Но окончательную отмену смертной казни студентов в Москве поставили в прямую связь с помилованием Скоблевского. Об этом Чичерин прямо заявил во время своего визита в Берлин в начале октября 1925 г. [15. А. Т. 14. S. 329]. 13 октября 1925 г. во время встречи с послом Германии в Москве графом Брокдорф-Рантцау Литвинов передал немецкой стороне предложение об одновременном помиловании приговоренных к казни в лейпцигском и московском процессах [15. А. Т. 14. S. 384].
В октябре Скоблевский и его два немецких товарища были помилованы, смертная казнь им была заменена длительными тюремными сроками. В ответ 31 октября 1925 г. на заседании Президиума ЦИК СССР было принято решение о помиловании немецких студентов. Расстрел им был заменен десятью годами лишения свободы со строгой изоляцией и последующим поражением в правах на пять лет 19.
Казалось бы, теперь настало время решать вопрос об обмене Скоблевского на студентов. Однако для обмена необходимо было согласие двух сторон. По различным причинам, рассмотрение которых лежит за рамками данной статьи, многие политические деятели в Германии были против такого обмена.
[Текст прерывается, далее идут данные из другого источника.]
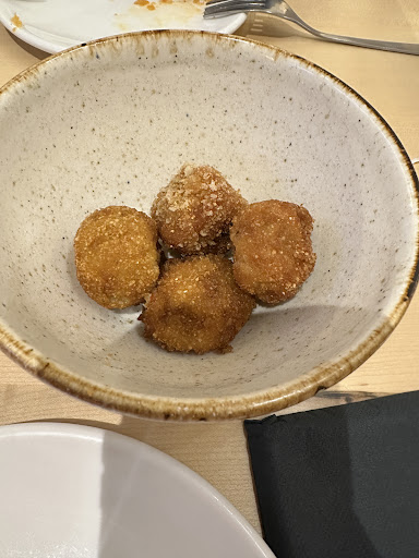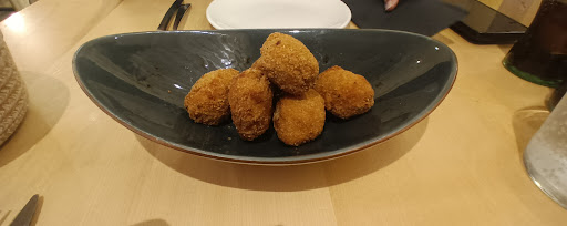Read moreTípica comida entre compañeros de trabajo, menú cerrado, 30€ más la bebida aparte. El local está situado en el centro de Ourense, a la entrada de la zona Vieja, en el parque de las Mercedes. Tiene dos plantas, la planta sótano es el comedor y allí también está la cocina, que puedes ver como trabajan mientras comes. La comida en sí no estuvo mal, pero......ese es el problema: platos muy justos de comida (somos gallegos y nos gustan los platos abundantes), alguno sin un sabor definido como el carpaccio de pulpo con queso sobre base de patata, creo que era así el plato, sabía a patata y el pulpo tan fino, que se veía a través de él. Había una "pinzas" o como lo quieran llamar, una masa de pan estirada (nos decían que era de la misma masa con la que hacen el pan de Cea), con queso feta, tomates y alguna cosa más que no recuerdo bien: el plato con sabor, pero el pan de la base excesivamente duro (aunque a mí me gusta así, pero tengo que reconocer que estaba demasiado "crujiente"). También hubo arroz, rico, sin más. No me voy estirar más, aunque en la mesa de al lado estaba viendo unas hamburguesas "de verdad" que tenían una pinta estupenda, me va a costar volver a este sitio. El trato del personal exquisito, pero muy lentos con nosotros. Una pena, porque el local...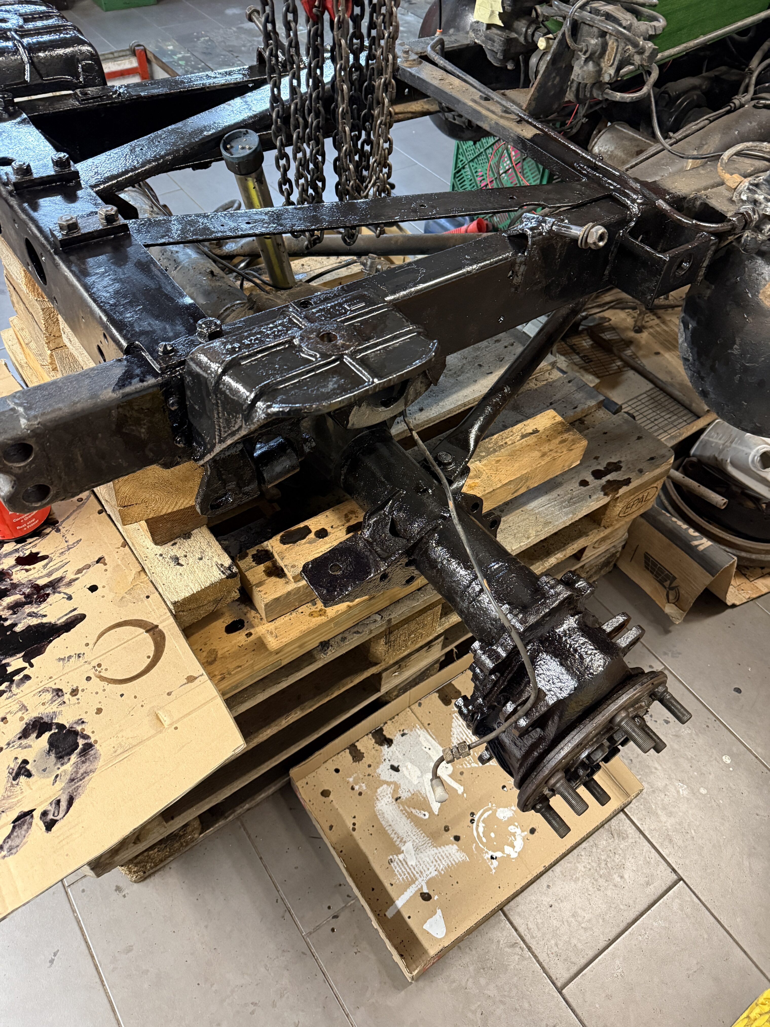 Da derzeit kein Anhängerbetrieb mit Druckluftbremsanlage vorgesehen ist, wurden die entsprechenden Anschlüsse und Leitungen der Anhänger-Druckluftbremse demontiert. Die Komponenten werden separat aufgearbeitet und können bei Bedarf später wieder montiert werden.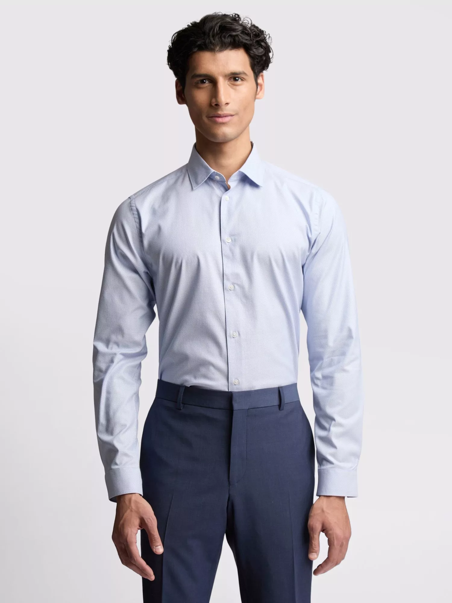 Featuring a semi cutaway collar and single adjustable cuffs, this cotton-blend shirt also has enough stretch to ensure day-long comfort.
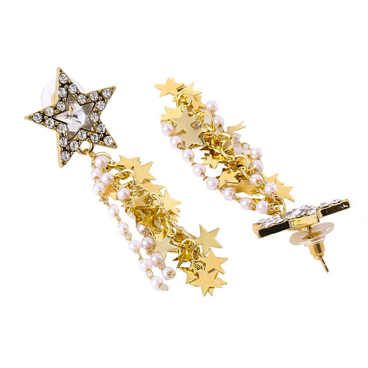 Earrings For Women Gold Tone Crystal Studded Star Long Multilayer Chain Tassel Pearl Drop Dangler Earrings For Women and Girls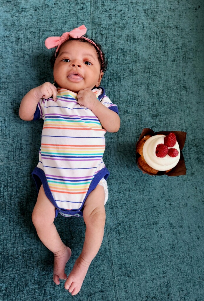 I took up embroidery during Covid, and this dandelion onesie that Addie is modeling during tummy time is part of my handiwork.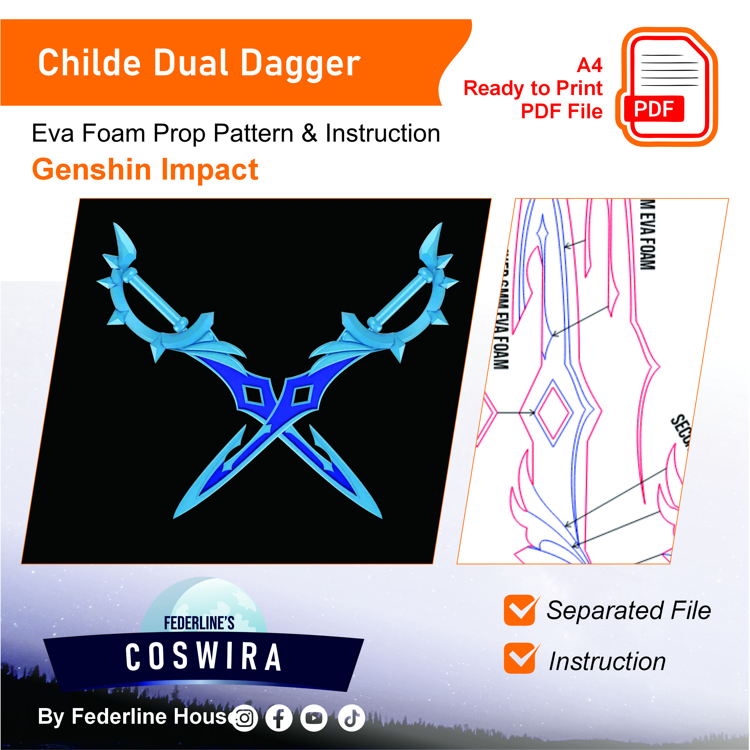 Buat dual dagger milik Childe dari Genshin Impact dengan EVA Foam pattern ini! Template ini dirancang supaya mudah dirakit tapi tetap terlihat tajam, elegan, dan detail seperti senjata versi karakter. Tetap ringan dan nyaman digunakan untuk cosplay event, photoshoot, atau display.

Чтобы принудить германское правительство поскорее решить вопрос об обмене Скоб-левского, ОГПУ предприняло новые угрожающие шаги. В конце 1925 и в начале 1926 г. в СССР были арестованы некоторые служащие консульств Германии в различных городах Советского Союза. В застенках ОГПУ оказались и немцы, приехавшие в СССР для работы на советско-германских предприятиях или по делам бизнеса, всего было арестовано более десятка граждан Германии [15. А. Т. 14. S. 476]. Против арестованных, как правило, выдвигались обвинения в шпионаже. Казалось, что в Москве полным ходом готовится новый громкий процесс против немецких шпионов.
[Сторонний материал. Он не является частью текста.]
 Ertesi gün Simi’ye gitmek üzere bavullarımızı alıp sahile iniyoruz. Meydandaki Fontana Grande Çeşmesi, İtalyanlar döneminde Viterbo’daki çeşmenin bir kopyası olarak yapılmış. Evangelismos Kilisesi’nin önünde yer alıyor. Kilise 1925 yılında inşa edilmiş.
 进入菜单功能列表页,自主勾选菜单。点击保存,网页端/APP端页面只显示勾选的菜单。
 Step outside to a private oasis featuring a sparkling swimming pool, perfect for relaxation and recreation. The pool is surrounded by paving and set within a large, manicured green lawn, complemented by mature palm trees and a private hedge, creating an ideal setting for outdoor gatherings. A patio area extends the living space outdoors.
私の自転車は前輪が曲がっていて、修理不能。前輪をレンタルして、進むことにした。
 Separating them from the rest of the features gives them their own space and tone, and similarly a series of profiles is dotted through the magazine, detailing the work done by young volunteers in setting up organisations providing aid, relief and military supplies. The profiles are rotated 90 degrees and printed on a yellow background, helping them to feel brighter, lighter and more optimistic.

По различным соображениям Германия еще была заинтересована в сохранении особых отношений с СССР и стремилась избежать нового скандала. После подписания советско-германского договора от 24 апреля 1926 г., в котором вновь подчеркивались дружественные отношения между СССР и Германией, начались долгие и тяжелые переговоры о взаимном обмене гражданами, находившимися в заключении на территории другой страны 20. В направленный в НКИД список немецких граждан, которых Германия хотела бы получить в ходе обмена, германское посольство включило фамилии Киндер-мана и Вольшта. 2 июля 1926 г. Народный Комиссариат иностранных дел обратился к Верховному Суду СССР с просьбой о вне- сении указанных осужденных в список лиц, подлежащих обмену 21.
В сентябре 1926 г. наконец состоялся обмен, в результате которого 14 граждан Германии были обменены на Скоблевского и трех других осужденных. [1. С. 185]. Таким образом, Киндерман и Вольшт получили наконец свободу, отсидев в тюрьмах негостеприимной для них Советской России без малого два года. В отличие от них фон Дитмару, попытавшемуся спастись за счет своих товарищей и покорностью следователям ОГПУ обеспечить себе «красивую жизнь», не повезло. По официальному заявлению НКИД, он, находясь в тюрьме, «умер от инфаркта» 26 марта 1926 г.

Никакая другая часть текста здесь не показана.